### TASK STATEMENT:
Your response should contain only the lines running from the top of the data below through the line with "Postcard depicting South", both included. Pictures must be omitted.

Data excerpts
*** Begin section ***

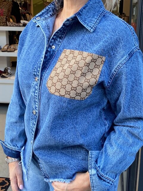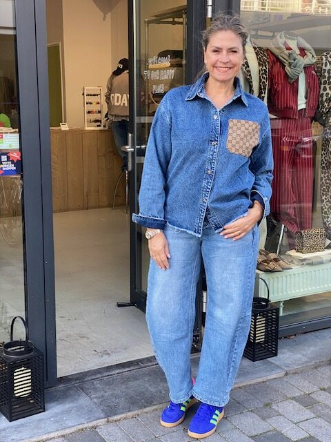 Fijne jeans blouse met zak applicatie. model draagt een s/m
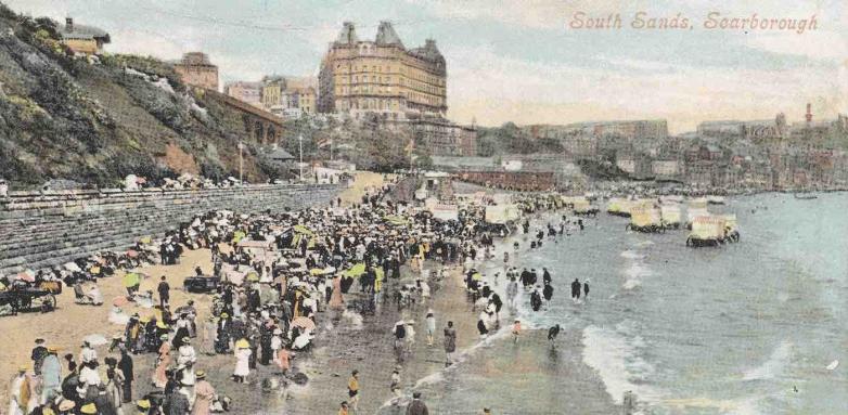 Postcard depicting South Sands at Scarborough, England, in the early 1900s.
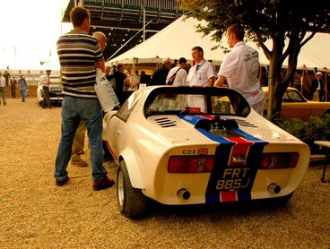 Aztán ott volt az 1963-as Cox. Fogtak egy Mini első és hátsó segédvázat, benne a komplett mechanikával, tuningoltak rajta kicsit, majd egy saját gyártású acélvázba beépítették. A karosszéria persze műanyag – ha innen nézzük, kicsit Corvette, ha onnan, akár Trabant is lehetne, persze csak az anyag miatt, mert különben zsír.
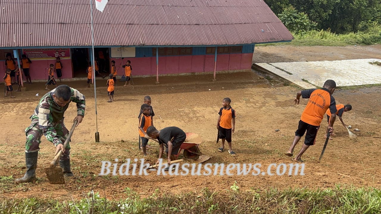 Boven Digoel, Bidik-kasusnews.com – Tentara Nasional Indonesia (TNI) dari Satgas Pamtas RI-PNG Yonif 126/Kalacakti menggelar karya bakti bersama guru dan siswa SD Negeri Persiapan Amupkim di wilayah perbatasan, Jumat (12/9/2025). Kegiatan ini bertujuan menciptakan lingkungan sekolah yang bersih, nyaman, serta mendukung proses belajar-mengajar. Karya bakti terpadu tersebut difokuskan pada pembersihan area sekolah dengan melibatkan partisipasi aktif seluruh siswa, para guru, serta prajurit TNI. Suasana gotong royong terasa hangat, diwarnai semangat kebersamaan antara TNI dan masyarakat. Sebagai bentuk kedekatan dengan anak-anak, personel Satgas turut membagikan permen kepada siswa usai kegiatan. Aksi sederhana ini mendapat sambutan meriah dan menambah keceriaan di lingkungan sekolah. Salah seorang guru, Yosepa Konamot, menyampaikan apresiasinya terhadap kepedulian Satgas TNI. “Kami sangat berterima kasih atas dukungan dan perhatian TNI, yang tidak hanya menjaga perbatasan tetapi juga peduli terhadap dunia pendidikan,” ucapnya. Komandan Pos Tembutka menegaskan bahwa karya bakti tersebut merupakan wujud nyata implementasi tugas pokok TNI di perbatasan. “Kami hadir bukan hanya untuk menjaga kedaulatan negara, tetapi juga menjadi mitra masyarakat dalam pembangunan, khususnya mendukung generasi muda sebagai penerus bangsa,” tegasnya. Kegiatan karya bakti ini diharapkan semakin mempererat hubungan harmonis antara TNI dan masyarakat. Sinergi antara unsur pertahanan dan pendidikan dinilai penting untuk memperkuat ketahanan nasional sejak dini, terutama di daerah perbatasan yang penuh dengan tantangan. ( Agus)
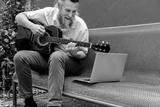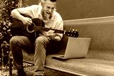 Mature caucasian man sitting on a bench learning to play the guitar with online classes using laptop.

*** End section ***

### RESPONSE TO THE TASK:
 Fijne jeans blouse met zak applicatie. model draagt een s/m
 Postcard depicting South Sands at Scarborough, England, in the early 1900s.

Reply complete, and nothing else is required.